> Required work
Copy word for word the lines of the records below, beginning at the one with "Tundra swans glide" and finishing at the one with "Figure 1. This", ends included, but none of the pictures.

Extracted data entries
# # # #

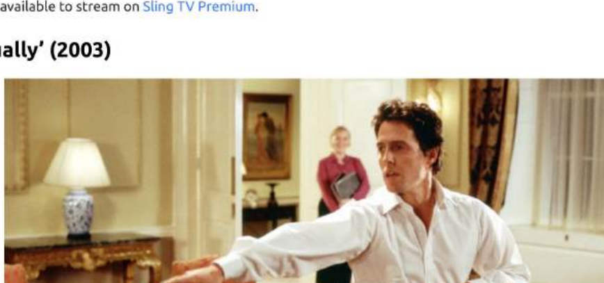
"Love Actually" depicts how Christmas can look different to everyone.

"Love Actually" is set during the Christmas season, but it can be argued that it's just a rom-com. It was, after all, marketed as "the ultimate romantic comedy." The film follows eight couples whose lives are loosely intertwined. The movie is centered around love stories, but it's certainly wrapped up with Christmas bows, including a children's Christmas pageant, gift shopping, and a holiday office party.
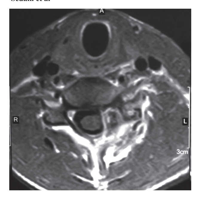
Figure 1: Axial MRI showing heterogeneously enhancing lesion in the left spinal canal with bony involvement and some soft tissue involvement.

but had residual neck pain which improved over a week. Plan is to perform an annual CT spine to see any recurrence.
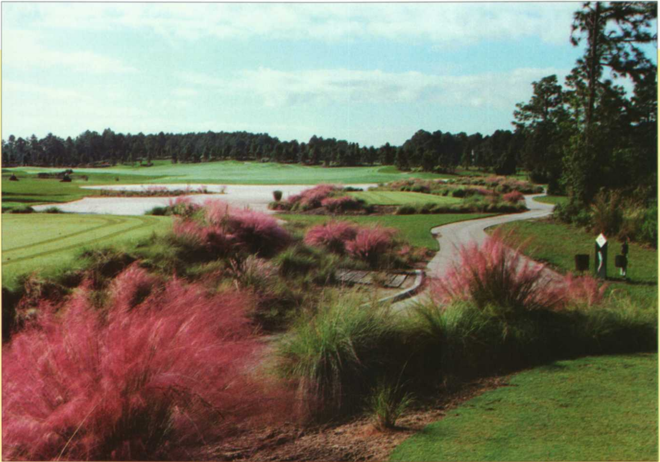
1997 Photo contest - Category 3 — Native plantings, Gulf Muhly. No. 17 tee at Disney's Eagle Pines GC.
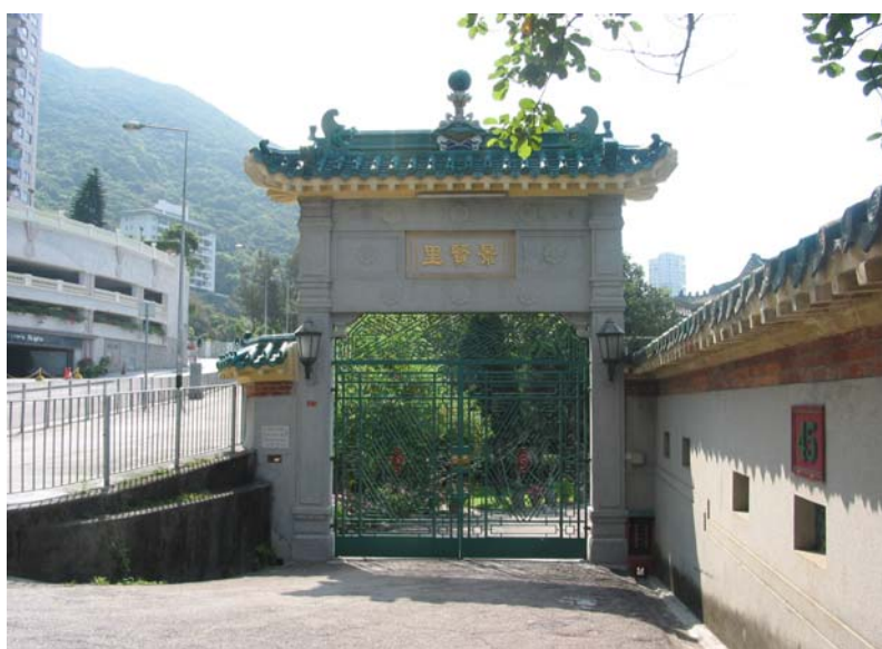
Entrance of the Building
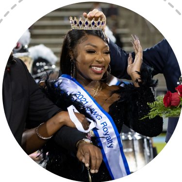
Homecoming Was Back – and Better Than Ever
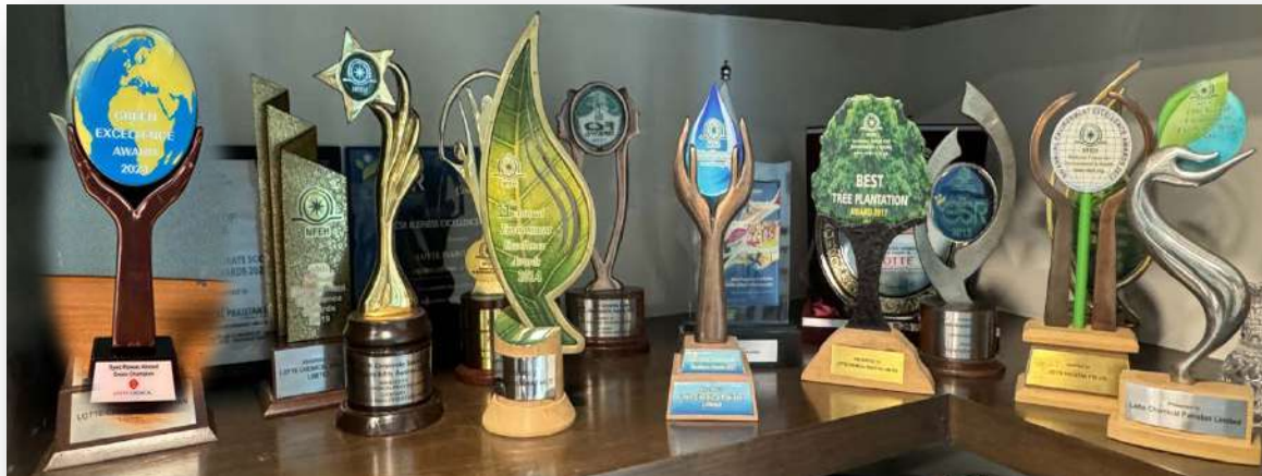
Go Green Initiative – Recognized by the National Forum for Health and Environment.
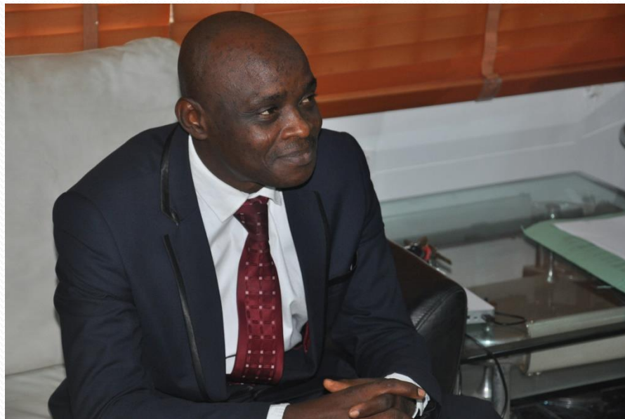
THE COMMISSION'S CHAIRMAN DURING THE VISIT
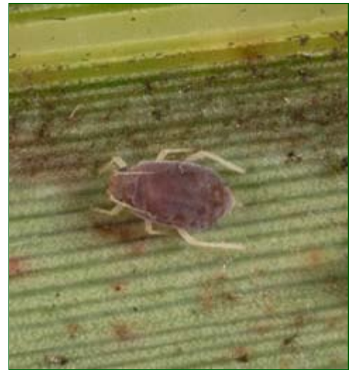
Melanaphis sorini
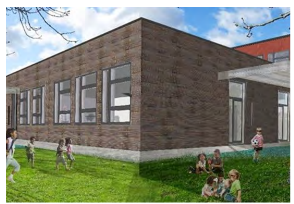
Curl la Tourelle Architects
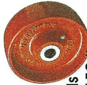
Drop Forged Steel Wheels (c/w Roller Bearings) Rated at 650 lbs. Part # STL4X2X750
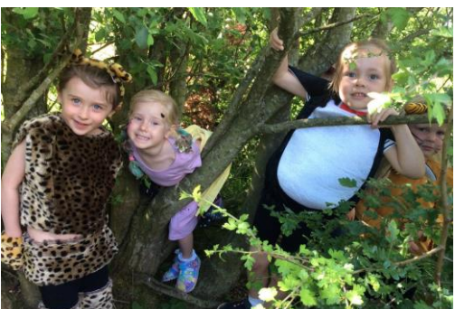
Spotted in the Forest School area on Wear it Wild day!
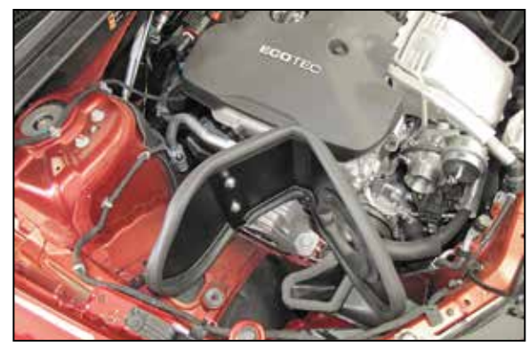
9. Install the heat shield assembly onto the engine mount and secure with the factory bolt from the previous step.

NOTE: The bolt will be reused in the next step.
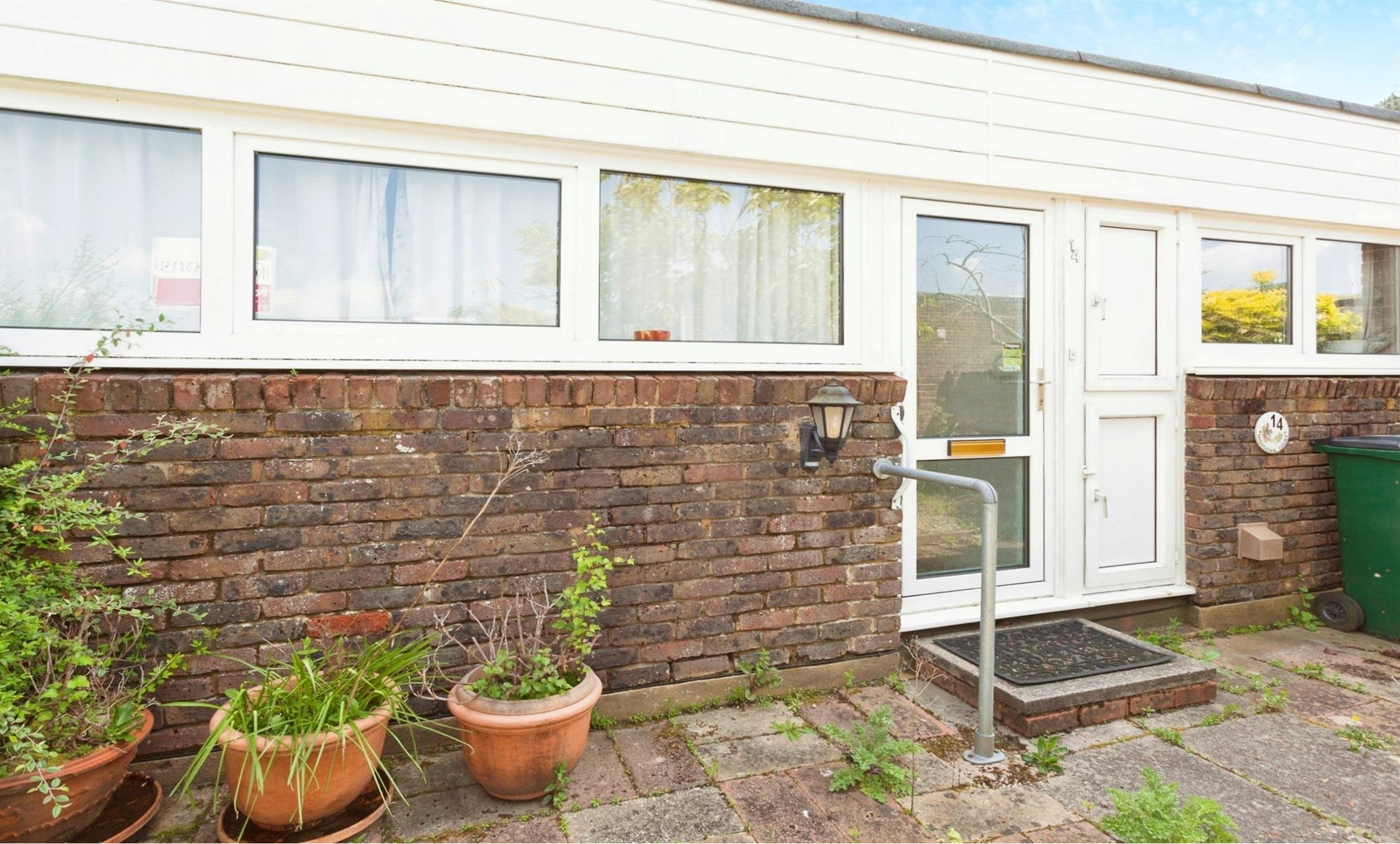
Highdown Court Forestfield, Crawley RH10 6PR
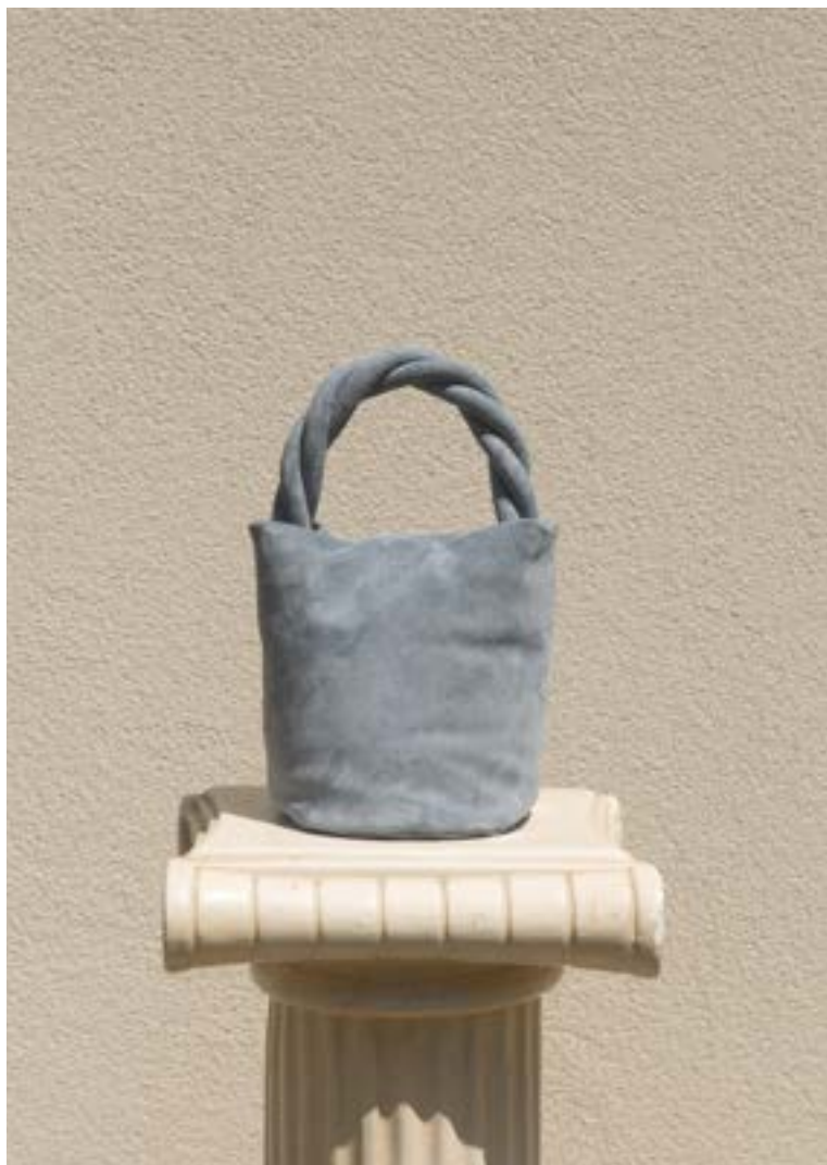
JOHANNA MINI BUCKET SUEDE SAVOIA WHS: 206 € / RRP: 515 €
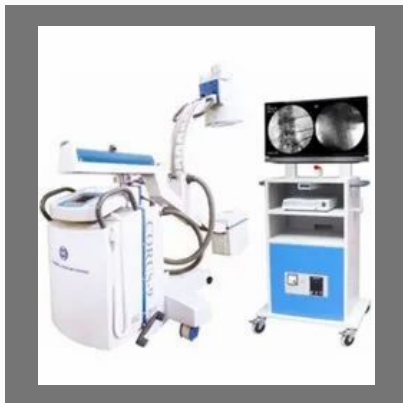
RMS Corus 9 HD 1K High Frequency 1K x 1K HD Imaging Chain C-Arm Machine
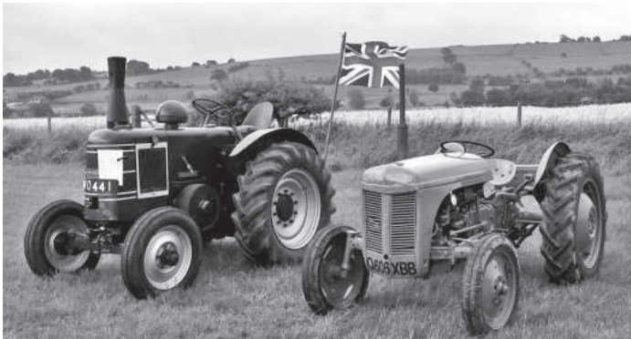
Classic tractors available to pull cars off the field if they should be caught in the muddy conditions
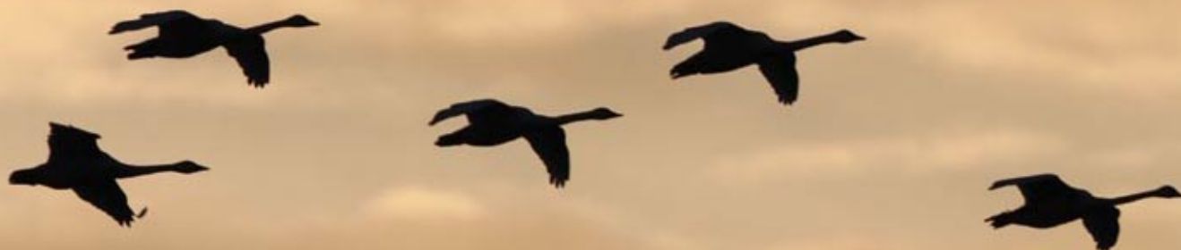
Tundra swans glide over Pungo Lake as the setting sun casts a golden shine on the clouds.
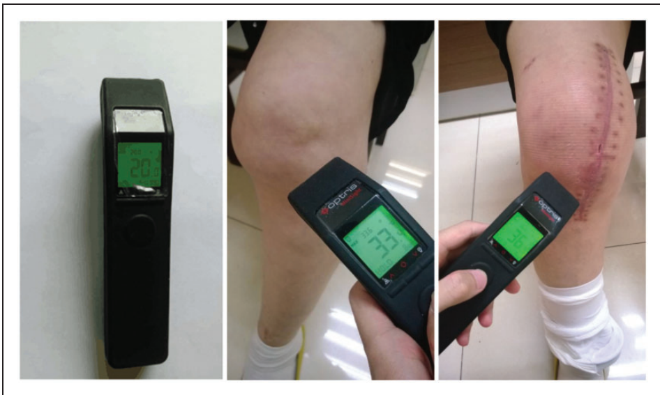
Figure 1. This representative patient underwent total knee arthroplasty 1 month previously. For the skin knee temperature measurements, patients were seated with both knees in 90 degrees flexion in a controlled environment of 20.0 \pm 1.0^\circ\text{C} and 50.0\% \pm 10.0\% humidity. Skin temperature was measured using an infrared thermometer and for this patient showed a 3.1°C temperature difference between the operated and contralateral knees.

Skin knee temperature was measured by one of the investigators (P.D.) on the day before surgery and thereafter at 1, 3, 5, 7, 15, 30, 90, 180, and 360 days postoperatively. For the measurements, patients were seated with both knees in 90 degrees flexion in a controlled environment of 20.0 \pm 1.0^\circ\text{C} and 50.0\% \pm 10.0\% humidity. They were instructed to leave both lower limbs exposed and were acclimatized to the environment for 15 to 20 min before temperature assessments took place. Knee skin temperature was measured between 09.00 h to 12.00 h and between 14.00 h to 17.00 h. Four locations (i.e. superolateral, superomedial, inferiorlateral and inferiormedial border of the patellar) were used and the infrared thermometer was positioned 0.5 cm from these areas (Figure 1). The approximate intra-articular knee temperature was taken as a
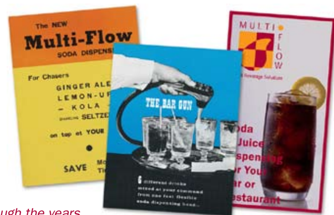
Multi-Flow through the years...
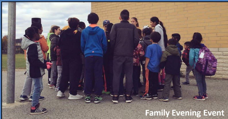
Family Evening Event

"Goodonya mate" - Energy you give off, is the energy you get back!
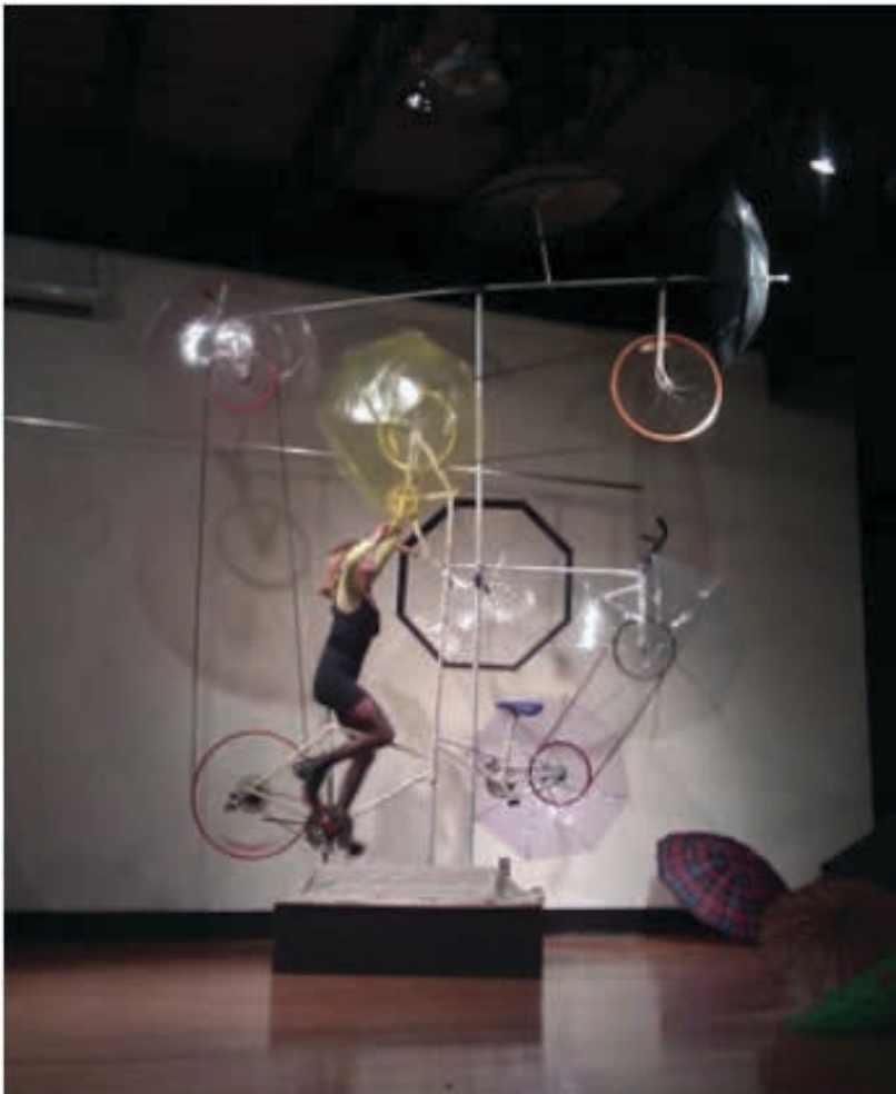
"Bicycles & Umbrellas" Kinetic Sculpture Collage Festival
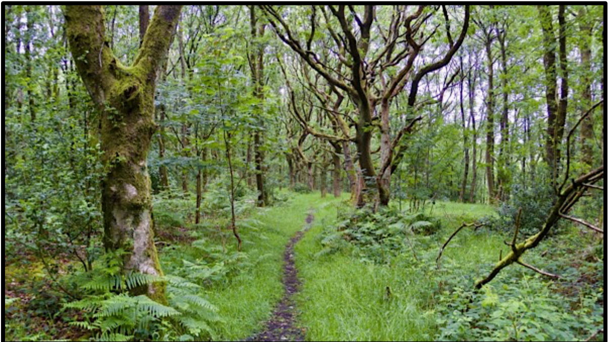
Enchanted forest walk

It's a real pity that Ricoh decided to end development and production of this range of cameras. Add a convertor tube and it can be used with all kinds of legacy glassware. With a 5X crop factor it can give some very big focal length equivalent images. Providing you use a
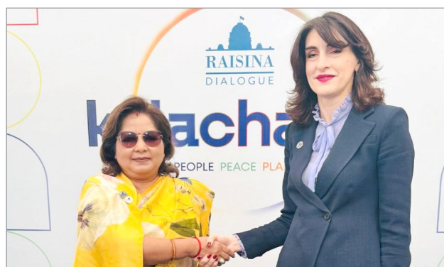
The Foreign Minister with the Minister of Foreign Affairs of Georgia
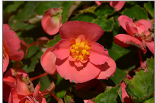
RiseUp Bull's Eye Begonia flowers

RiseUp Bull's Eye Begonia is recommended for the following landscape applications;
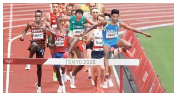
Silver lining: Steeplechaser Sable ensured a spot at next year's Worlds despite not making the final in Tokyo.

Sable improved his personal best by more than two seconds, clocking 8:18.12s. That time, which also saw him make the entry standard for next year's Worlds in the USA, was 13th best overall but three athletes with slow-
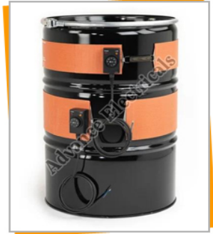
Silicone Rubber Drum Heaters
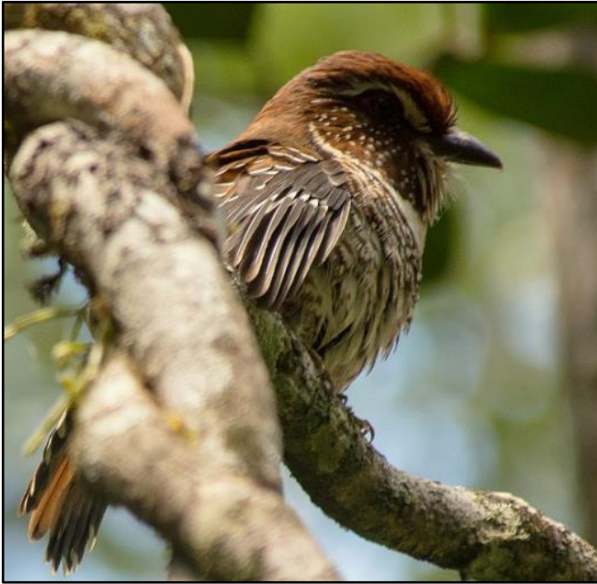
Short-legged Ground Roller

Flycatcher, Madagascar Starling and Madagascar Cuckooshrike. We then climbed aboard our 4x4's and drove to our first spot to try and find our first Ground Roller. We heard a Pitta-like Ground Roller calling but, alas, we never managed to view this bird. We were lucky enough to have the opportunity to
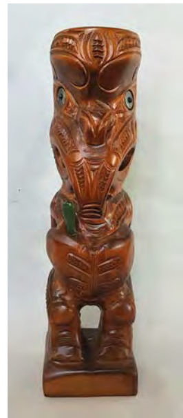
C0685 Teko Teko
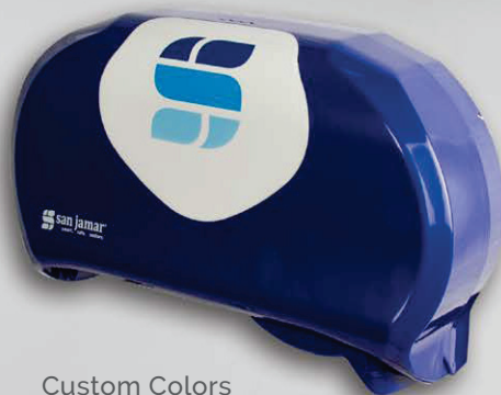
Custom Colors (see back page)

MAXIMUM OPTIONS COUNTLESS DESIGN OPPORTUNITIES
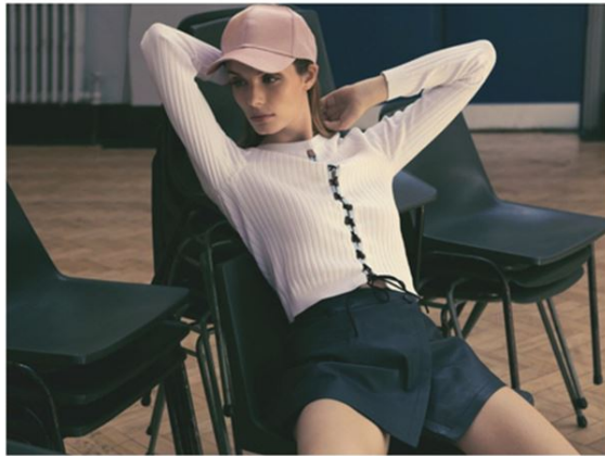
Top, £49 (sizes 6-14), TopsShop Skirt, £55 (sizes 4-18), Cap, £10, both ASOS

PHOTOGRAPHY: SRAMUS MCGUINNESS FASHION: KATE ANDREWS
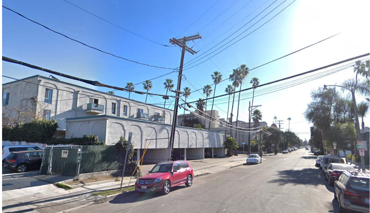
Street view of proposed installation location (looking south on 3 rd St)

# # # #

> Result of the task
Tundra swans glide over Pungo Lake as the setting sun casts a golden shine on the clouds.
Figure 1. This representative patient underwent total knee arthroplasty 1 month previously. For the skin knee temperature measurements, patients were seated with both knees in 90 degrees flexion in a controlled environment of 20.0 \pm 1.0^\circ\text{C} and 50.0\% \pm 10.0\% humidity. Skin temperature was measured using an infrared thermometer and for this patient showed a 3.1°C temperature difference between the operated and contralateral knees.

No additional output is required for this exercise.